* _YOUR OBJECTIVE_: An exact copy of all the data is needed, with every picture left out.

* _GIVEN INFORMATION_:
# # # # #
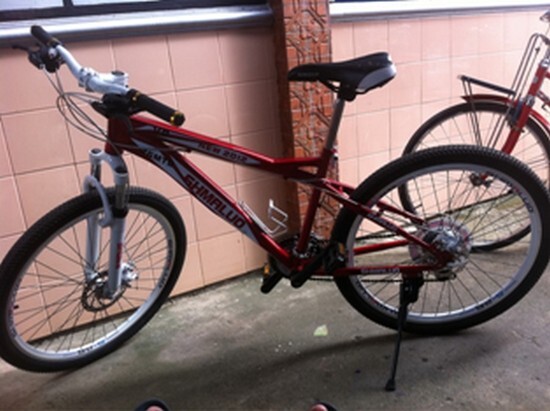 จักรยานยี่ห้อ SHIMALUO คันสีแดง แฮนด์สีขาว ล้อ 26 นิ้ว ดิสเบรก หน้า-หลัง เกียร์ SHIMONO 24 สปีด
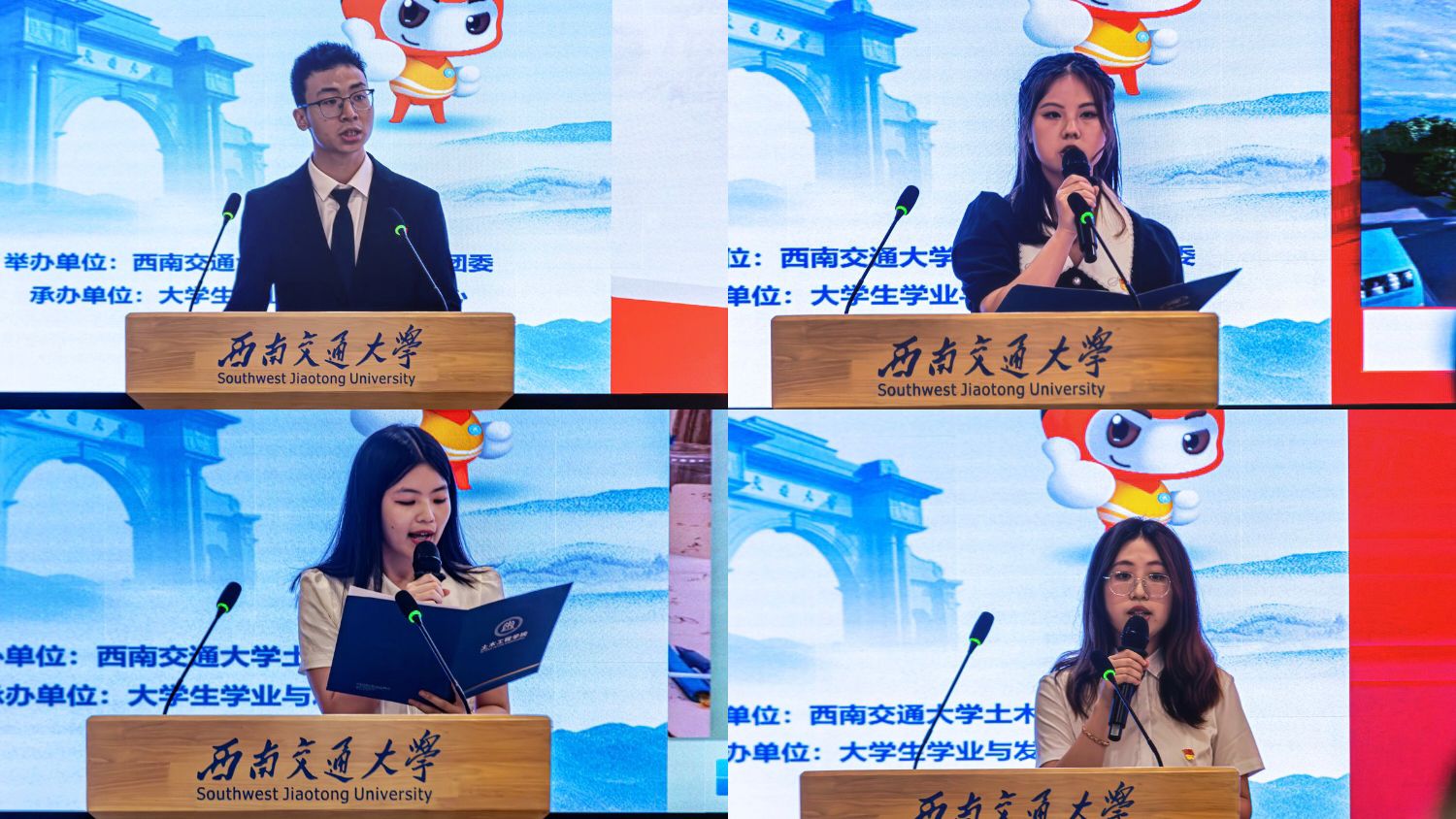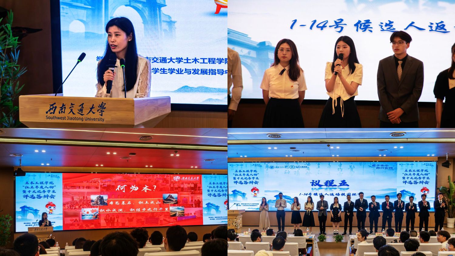 锐意进取勇创新,奋楫笃行深钻研。在答辩展示环节,我们能看到各位候选人积极投身各个领域,贡献土木人的智慧与力量。来自结构2022-02班的齐威铭刻苦学习、积极投身社会实践,结合自己所学的土木专业知识,对留守儿童进行帮扶教育工作和扶贫调研;来自地下2021-02班的宋雨宸先后任职7项学生工作,校级任职3项、院级任职4项,策划协办校院70余场,服务人数累计万余名;来自土木2021-14班的吕一品践行“为人民服务”的宗旨,热爱志愿服务,获评了志愿四川“四星级”青年志愿者的荣誉;来自道桥2021-02班的曹晓华致力于理论分析方法与实际问题的结合,积极参与学科竞赛,先后参与“全国大学生结构设计大赛”、“BIM毕业设计创新大赛”、“大学生工程综合能力创新大赛”等10余项竞赛。
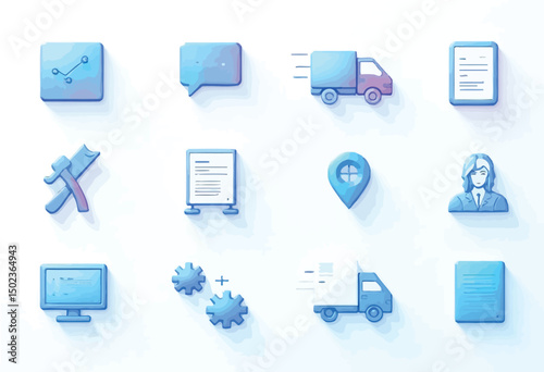 Clean and modern set of business and management icons with a watercolor aesthetic.
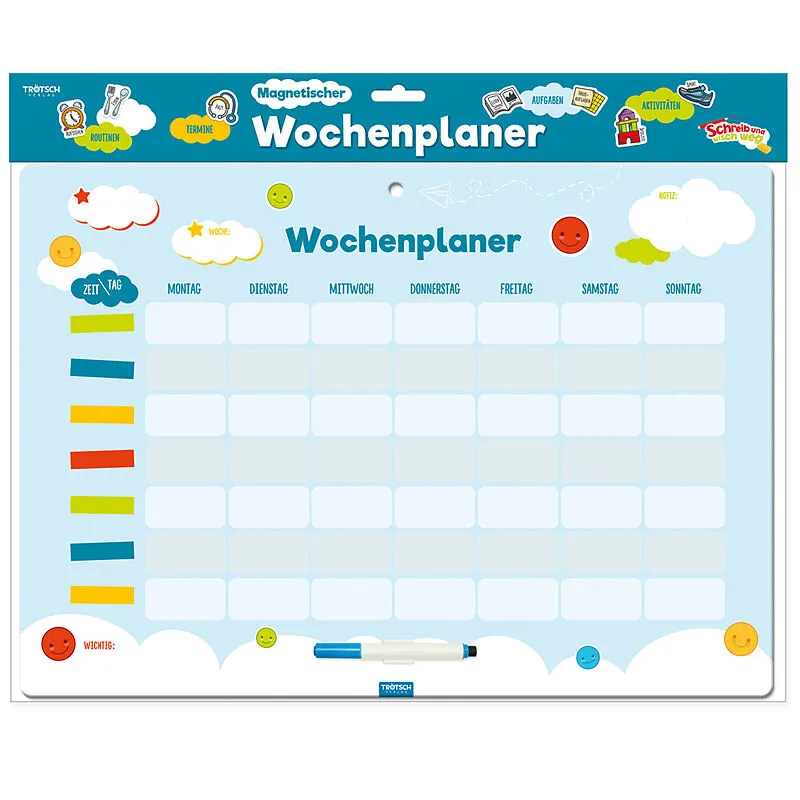Trötsch Magnetischer Wochenplaner Magnettafel mit Stift und Magneten
# # # # #
* _EXPECTED OUTPUT_:
 จักรยานยี่ห้อ SHIMALUO คันสีแดง แฮนด์สีขาว ล้อ 26 นิ้ว ดิสเบรก หน้า-หลัง เกียร์ SHIMONO 24 สปีด
 锐意进取勇创新,奋楫笃行深钻研。在答辩展示环节,我们能看到各位候选人积极投身各个领域,贡献土木人的智慧与力量。来自结构2022-02班的齐威铭刻苦学习、积极投身社会实践,结合自己所学的土木专业知识,对留守儿童进行帮扶教育工作和扶贫调研;来自地下2021-02班的宋雨宸先后任职7项学生工作,校级任职3项、院级任职4项,策划协办校院70余场,服务人数累计万余名;来自土木2021-14班的吕一品践行“为人民服务”的宗旨,热爱志愿服务,获评了志愿四川“四星级”青年志愿者的荣誉;来自道桥2021-02班的曹晓华致力于理论分析方法与实际问题的结合,积极参与学科竞赛,先后参与“全国大学生结构设计大赛”、“BIM毕业设计创新大赛”、“大学生工程综合能力创新大赛”等10余项竞赛。
 Clean and modern set of business and management icons with a watercolor aesthetic.
Trötsch Magnetischer Wochenplaner Magnettafel mit Stift und Magneten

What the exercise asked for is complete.